PROMPT:
Give back the lines of the entries below exactly as written, from the first line to the line holding "Trendy Sleeveless Tulle", both included, with the pictures omitted.

BEGIN DATA FOR PROCESSING

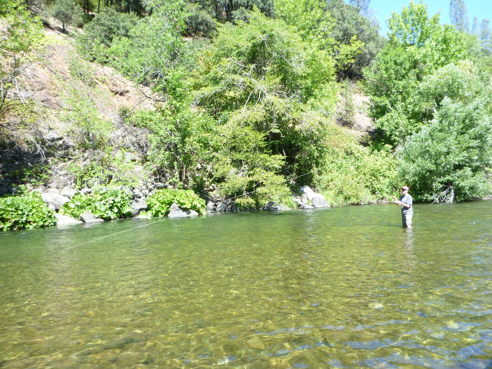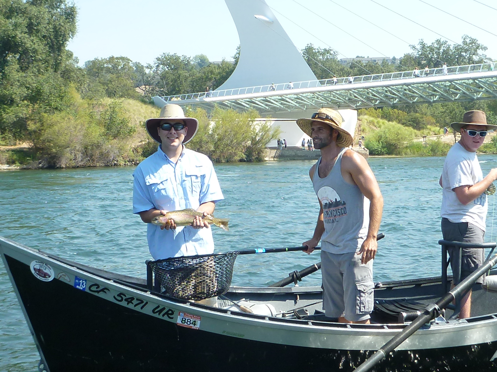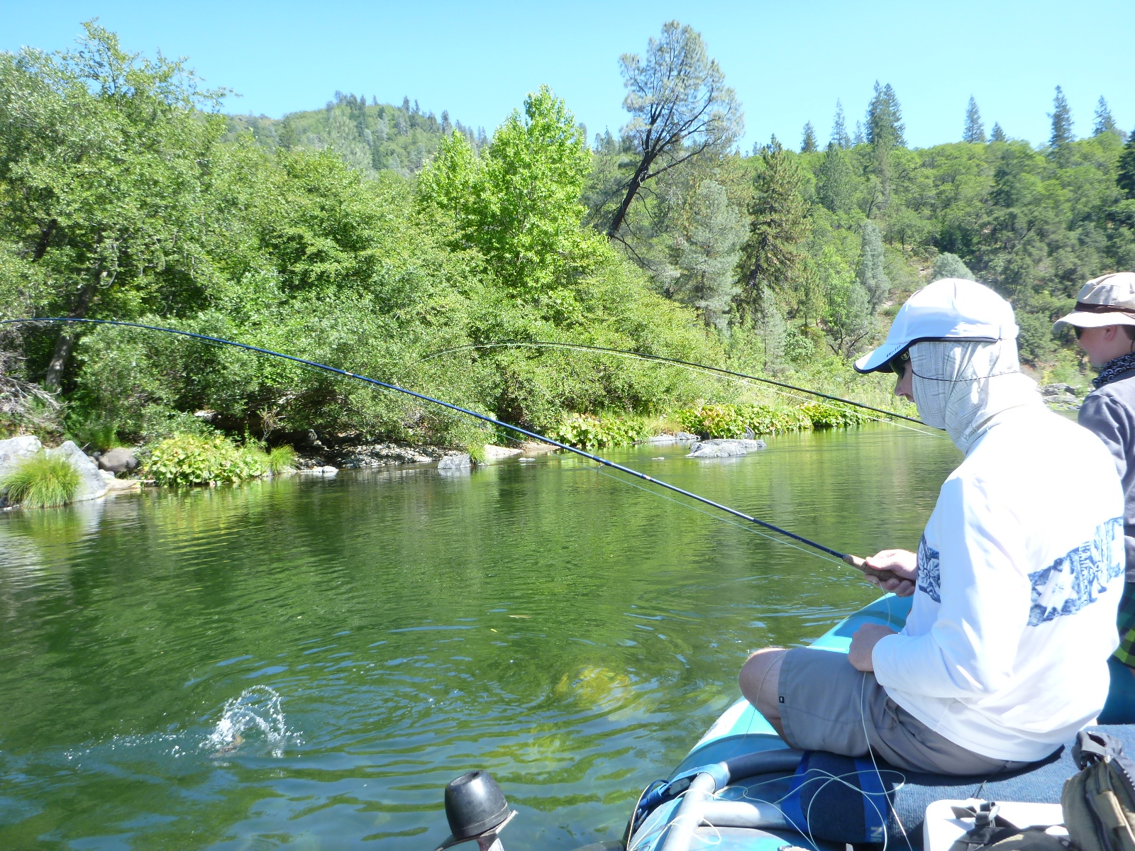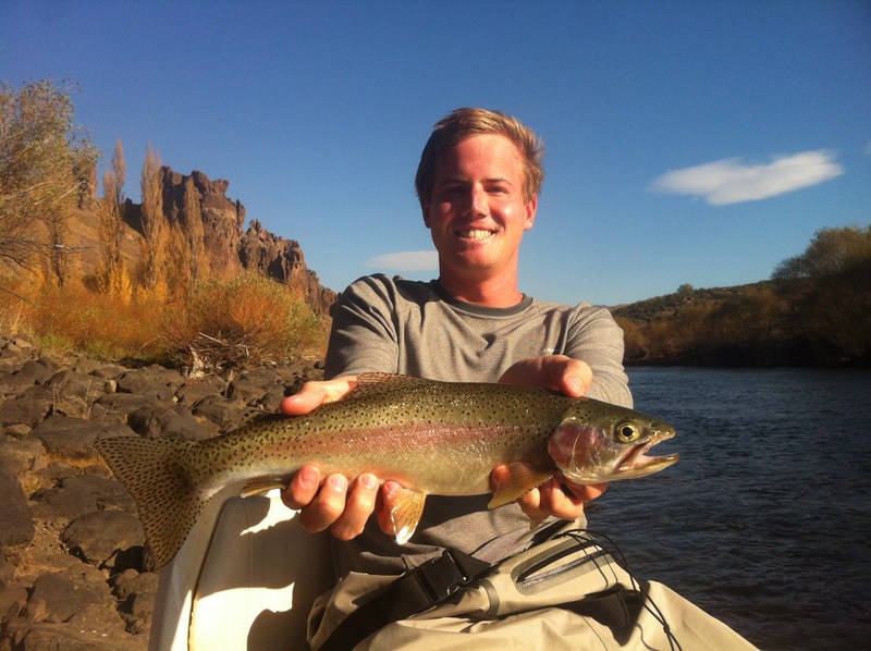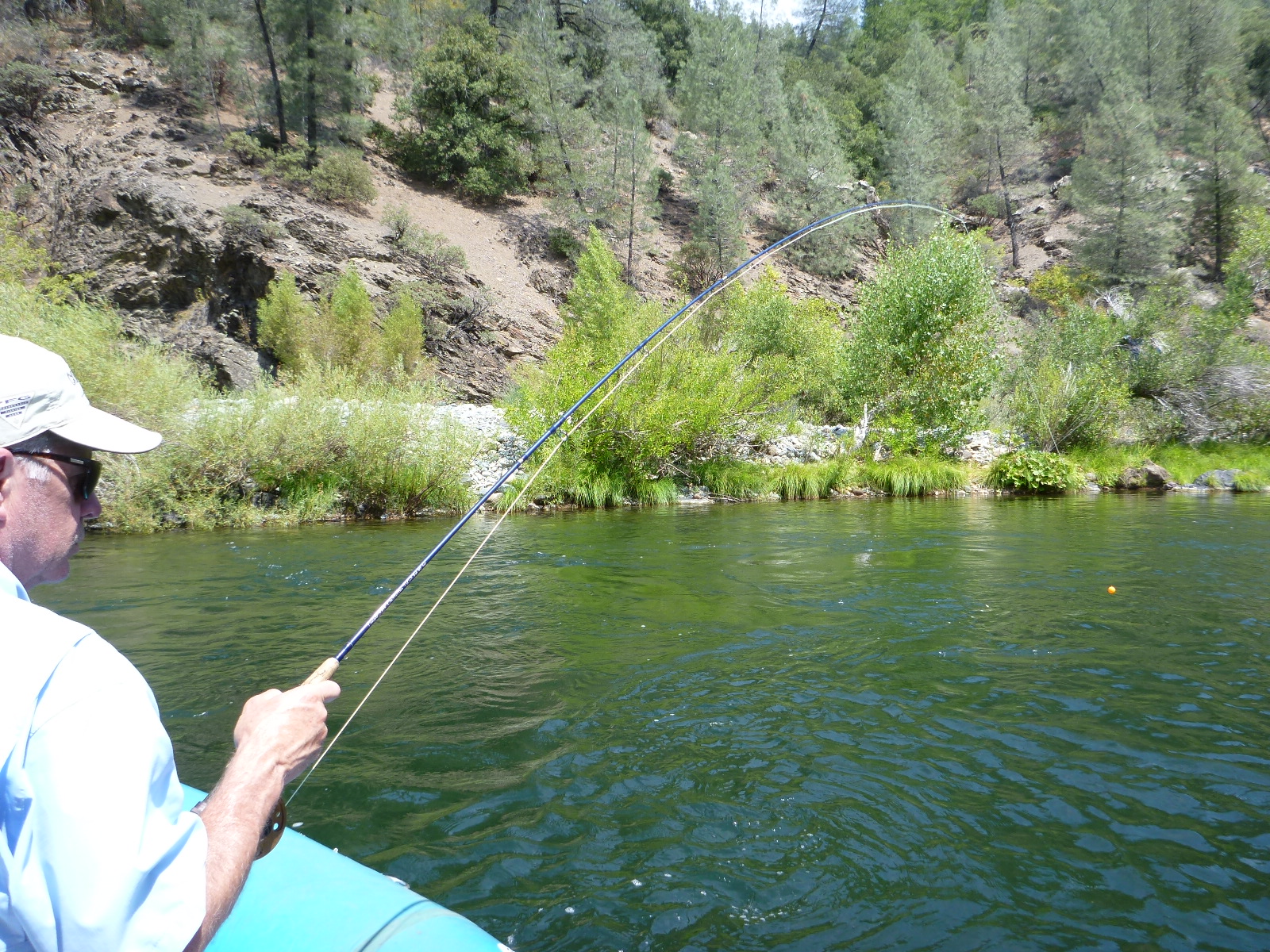 Here’s Geoffrey Snow with a nice hook-up and landed trout on the Lower Sacramento River. It’s just starting to heat up now, call us for a date in late September.
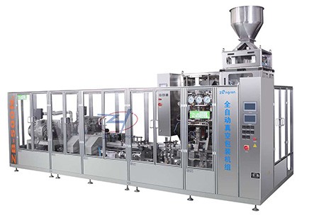 该全自动真空包装系统集结了DT5诱导式翻斗提升机?span style="font-family: 宋体;">CJS2000F四工位电脑秤、VFS5000FS立式充填包装机组、ZB500N2内抽式真空机组以及成品输送机等有机的组合。可根据不同的物料制作出不同外形尺寸的成品。具有包装速度快、密封效果好、密封时间长、外形美观等特点。该机组由于采用内抽式抽真空,产品的真空度比较好。广泛应用于食品、制药、化工等行业的真空包装、/span>
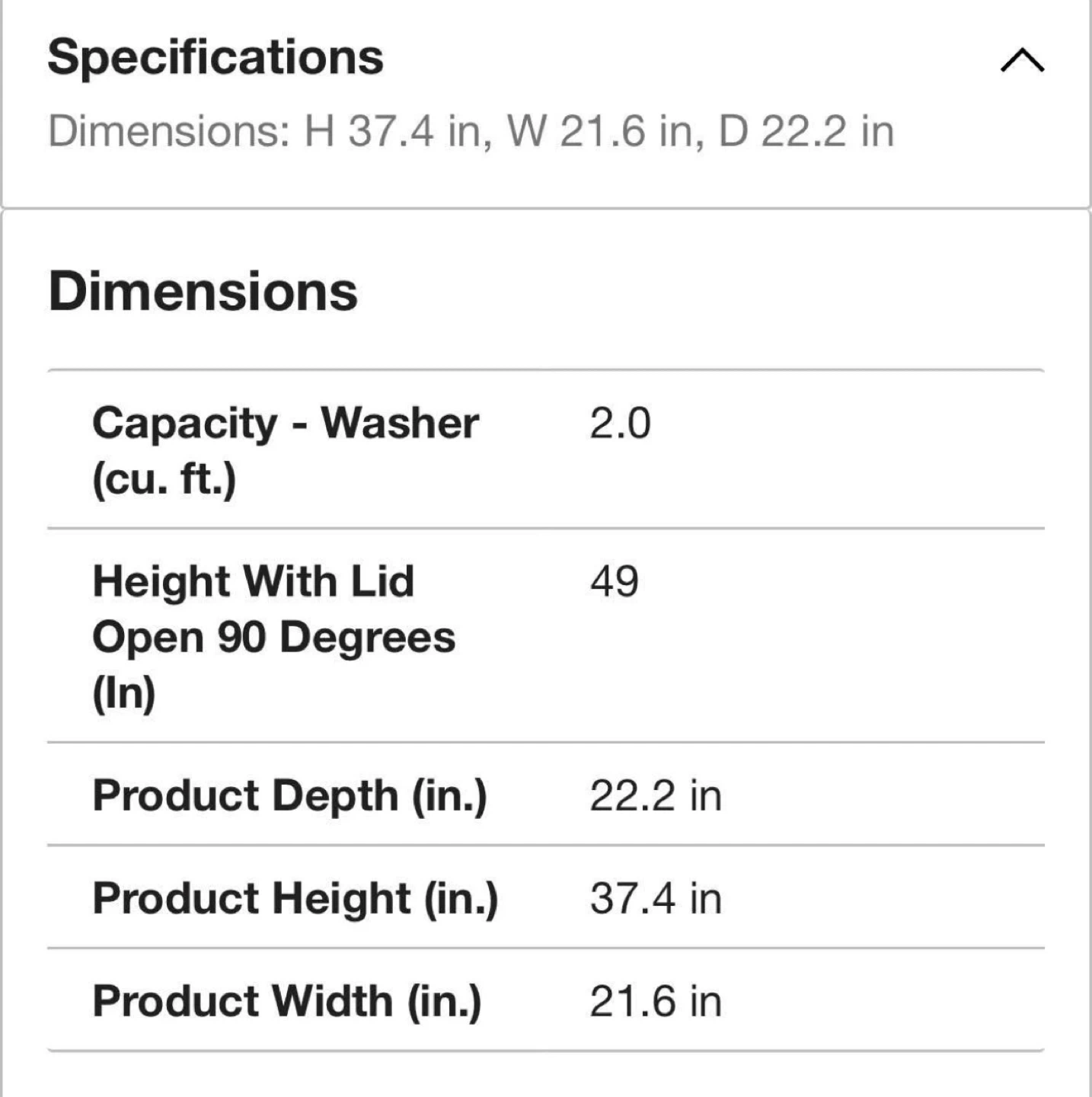 This is a BLACK+DECKER 2.0 cu. ft. portable washer. Its dimensions are 37.4" height, 21.6" width, and 22.2" depth. It's a top-load washing machine.
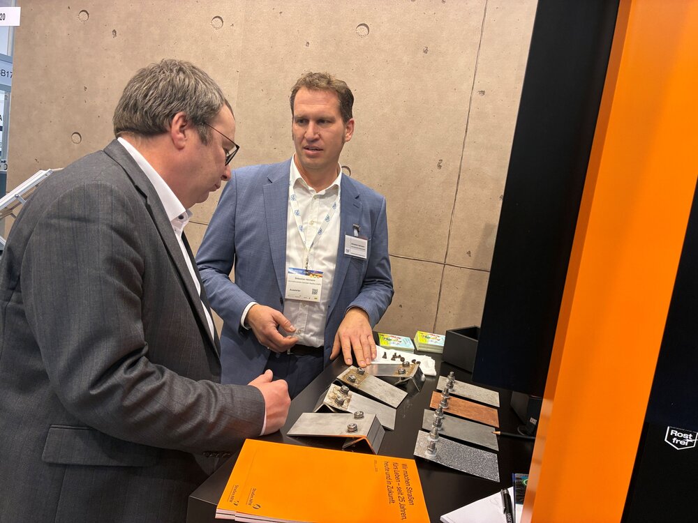Auf dem Stand von Straßen.NRW hatte die Informationsstelle Edelstahl Rostfrei die Gegenheit, die neuesten Ergebnisse aus der Werkstoffforschung, insbesondere zu Duplexstahl und dessen Anwendung in Strassentunneln darzustellen. Diese Ergebnisse ließ sich auch Minister Oliver Krischer vom ISER-Geschäftsführer Dr.-Ing. Sebastian Heimann erläutern. Die hohen Anforderungen an die Technische Gebäudeausstattung in Tunneln, einhergehend mit der teils sehr hohen Korrosivität in Tunneln machen den nichtrostenden Duplexstahl zu einer echten Alternative.
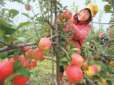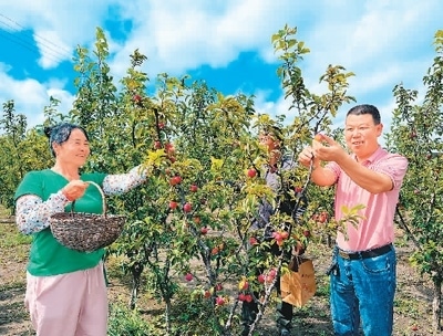 江蘇省宿遷市斯味特萬畝蘋果產(chǎn)業(yè)示范區(qū),園區(qū)職工在采摘蘋果。 楊群、張思遠(yuǎn)攝影報(bào)道 |
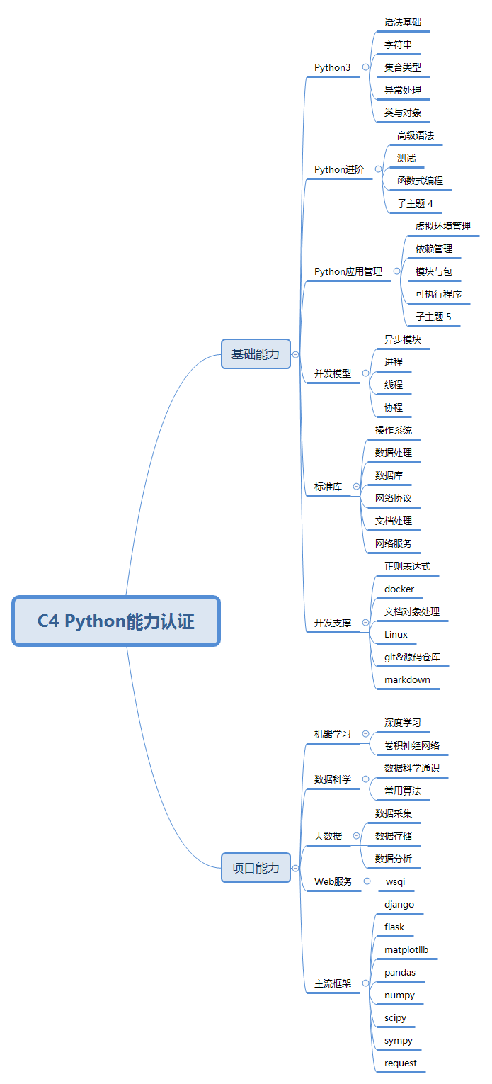下图是C站(CSDN)软件工程师能力认证标准中的C1/C4-能力认证图,分为基础能力和项目能力两大模块,可以看到模块中的技能点能够覆盖一线大厂开发工程师的招聘JD要求。
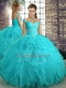 Trendy Sleeveless Tulle Floor Length Lace Up Quinceanera Gowns in Aqua Blue with Beading and Ruffles
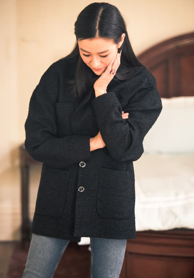 “When I put on a CHANEL jacket, it actually conjures these really deep and very nostalgic memories of me and my mother. My mom worked my whole life; she was the CFO of The New School, and she did finance for very large nonprofits, but she was an immigrant from China, and she’s about 5'2". My memory of my mom coming home from work is her closet of CHANEL jackets. She wouldn’t wear CHANEL on the weekend, but she would wear CHANEL going to work, and then her high heels. And so whenever I put on a CHANEL jacket, it brings me the confidence of, you know, kind of generations of women who aren’t afraid to pursue a dream or pursue a career and enjoy what they wear and look good. It helps bring just that extra bit of confidence; it’s very helpful.”
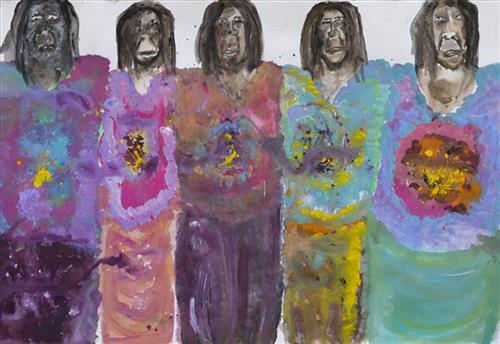 Wanti Yuu (Woman Yeah!) is a story of resilience and of women coming together. It is about the strength of the women in our community who put themselves last and take on a lot. She [Wanti Yuu] is someone who looks after her family, putting the grand kids and everyone around her first. The word Matriarch comes to mind. They are the matriarch of the family. The Boss Lady. Always helping everyone else out and leaving herself to the end. She paints, she teaches us her knowledge, like basket weaving and honey ant collecting. She is the top lore woman and her story of Pujiman (traditional, desert dwelling) is so important. She is a leader of the Martu women and a senior artist. That’s all I can say about these women. These women; you give her the bread if you know what I mean. It’s a true story. Anything in my pockets. Because when you look at her, her stance, her energy and her vibe, you can feel it. You don’t muck around with Wanti Yuu.”
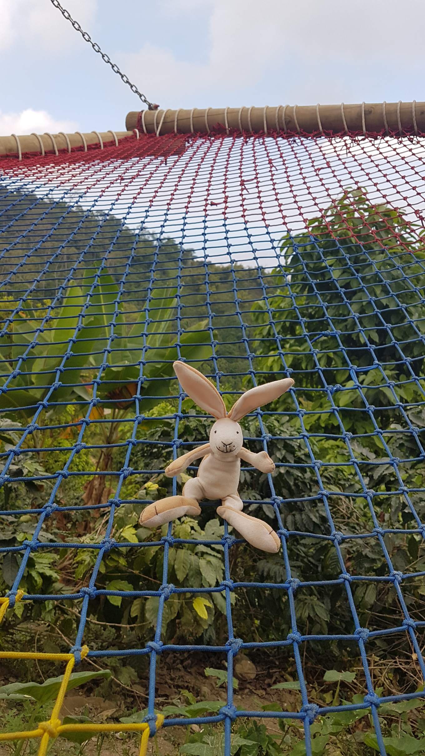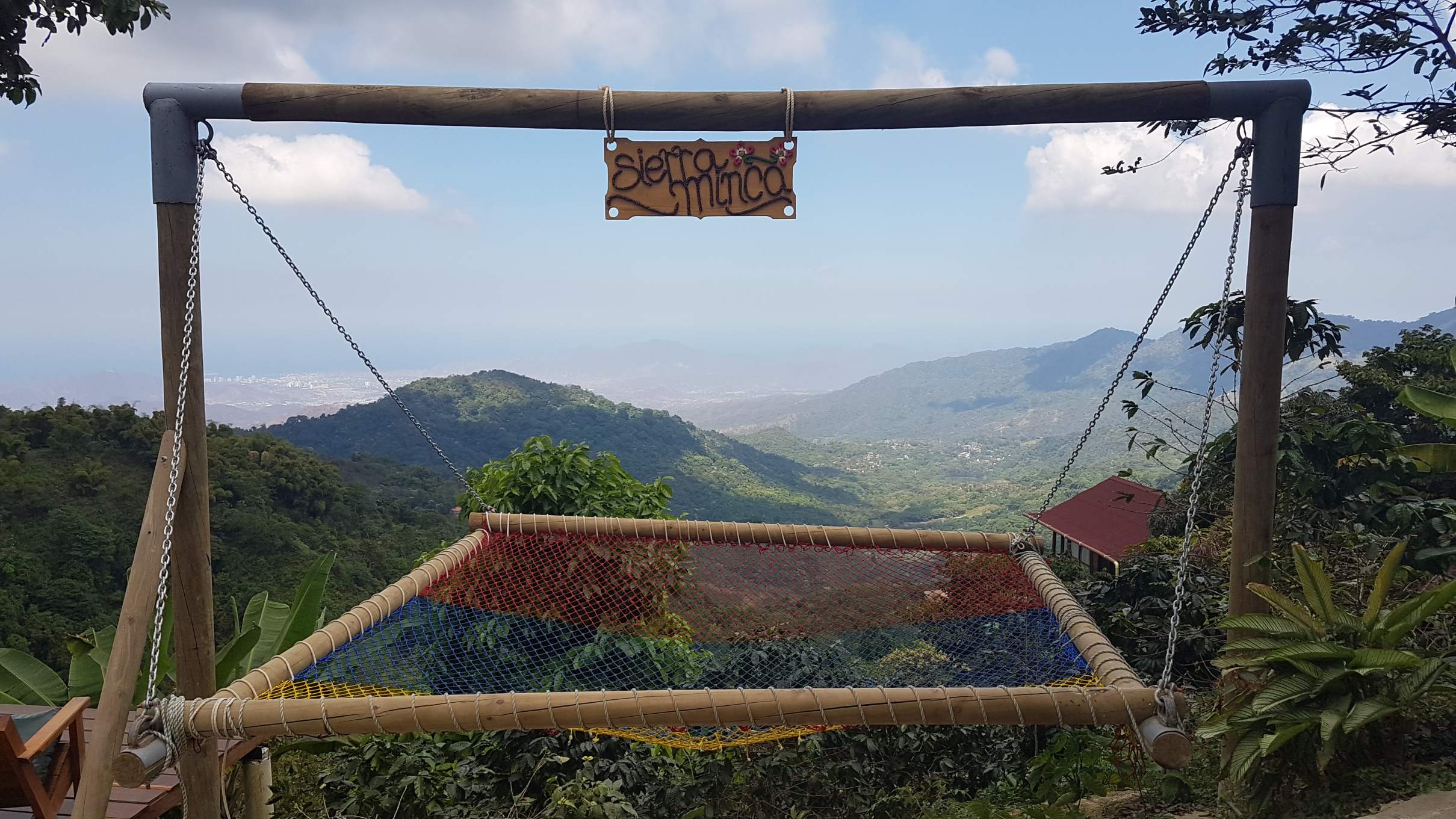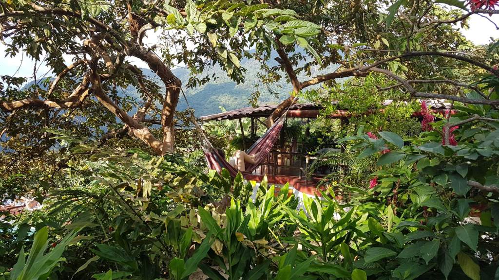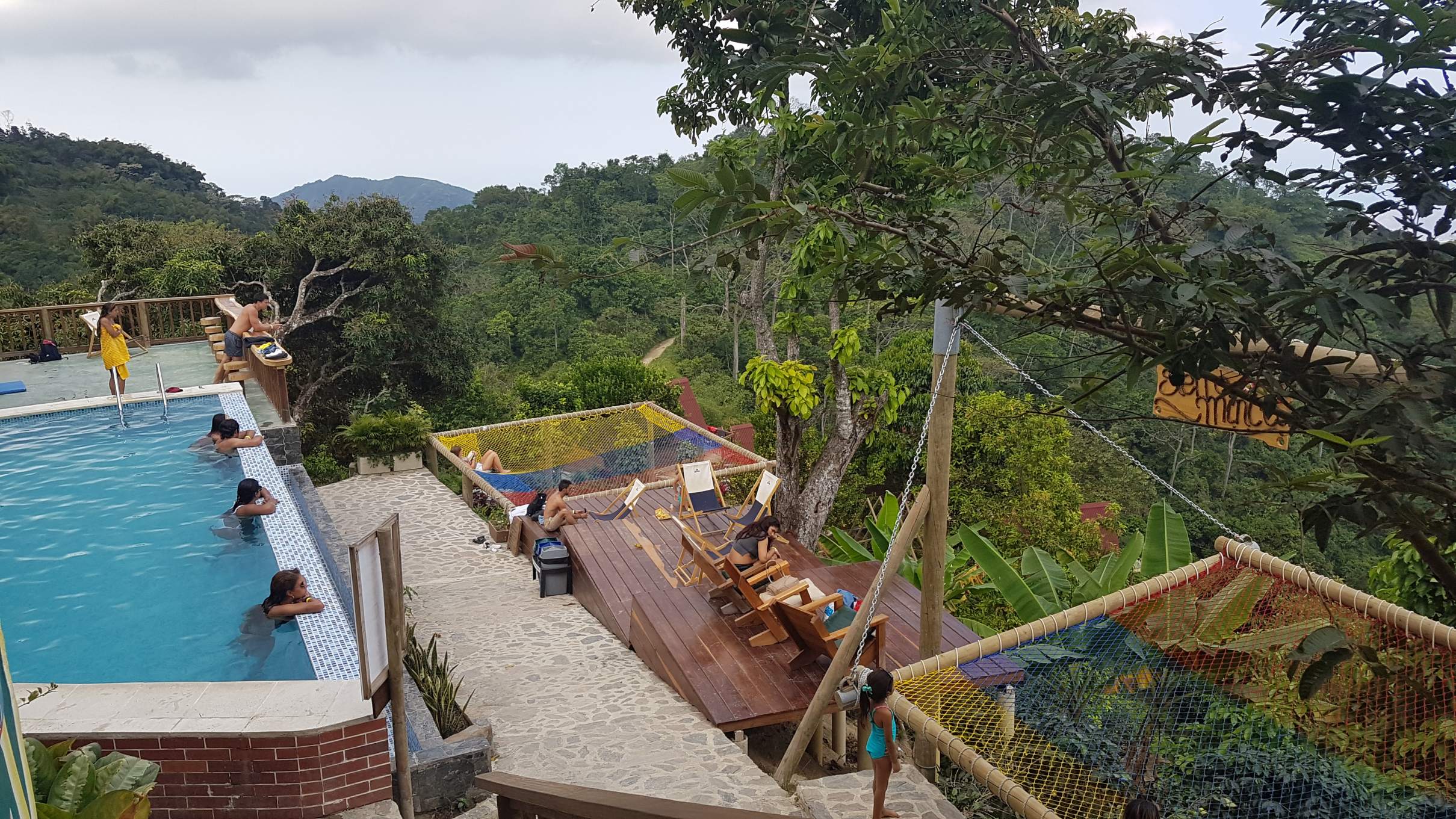 Anstatt einer halben Stunde laufe ich also eine Stunde zur Casa Elemento und muss auch wieder ein ganzes Stück nach oben aufsteigen. Die Casa Elemento ist bei jungen Backpackern aus aller Welt richtig beliebt, heißt aber inzwischen Sierra Minca. Als Gastbesucher muss man sozusagen einen Eintritt zahlen und bekommt ein Getränk dazu. Naja, wenn ich die Schönen und Coolen da so mit Cocktail im Pool abhängen sehe, bin ich doch schon sehr froh, für meinen Aufenthalt die Casas Viejas ausgewählt zu haben. Trotzdem probiere ich natürlich mit Hasi zusammen die Hängematte aus und wir chillen eine Weile:

END DATA FOR PROCESSING

ANSWER TO THE PROBLEM:
 Here’s Geoffrey Snow with a nice hook-up and landed trout on the Lower Sacramento River. It’s just starting to heat up now, call us for a date in late September.
 该全自动真空包装系统集结了DT5诱导式翻斗提升机?span style="font-family: 宋体;">CJS2000F四工位电脑秤、VFS5000FS立式充填包装机组、ZB500N2内抽式真空机组以及成品输送机等有机的组合。可根据不同的物料制作出不同外形尺寸的成品。具有包装速度快、密封效果好、密封时间长、外形美观等特点。该机组由于采用内抽式抽真空,产品的真空度比较好。广泛应用于食品、制药、化工等行业的真空包装、/span>
 This is a BLACK+DECKER 2.0 cu. ft. portable washer. Its dimensions are 37.4" height, 21.6" width, and 22.2" depth. It's a top-load washing machine.
Auf dem Stand von Straßen.NRW hatte die Informationsstelle Edelstahl Rostfrei die Gegenheit, die neuesten Ergebnisse aus der Werkstoffforschung, insbesondere zu Duplexstahl und dessen Anwendung in Strassentunneln darzustellen. Diese Ergebnisse ließ sich auch Minister Oliver Krischer vom ISER-Geschäftsführer Dr.-Ing. Sebastian Heimann erläutern. Die hohen Anforderungen an die Technische Gebäudeausstattung in Tunneln, einhergehend mit der teils sehr hohen Korrosivität in Tunneln machen den nichtrostenden Duplexstahl zu einer echten Alternative.
 江蘇省宿遷市斯味特萬畝蘋果產(chǎn)業(yè)示范區(qū),園區(qū)職工在采摘蘋果。 楊群、張思遠(yuǎn)攝影報(bào)道 |
下图是C站(CSDN)软件工程师能力认证标准中的C1/C4-能力认证图,分为基础能力和项目能力两大模块,可以看到模块中的技能点能够覆盖一线大厂开发工程师的招聘JD要求。
 Trendy Sleeveless Tulle Floor Length Lace Up Quinceanera Gowns in Aqua Blue with Beading and Ruffles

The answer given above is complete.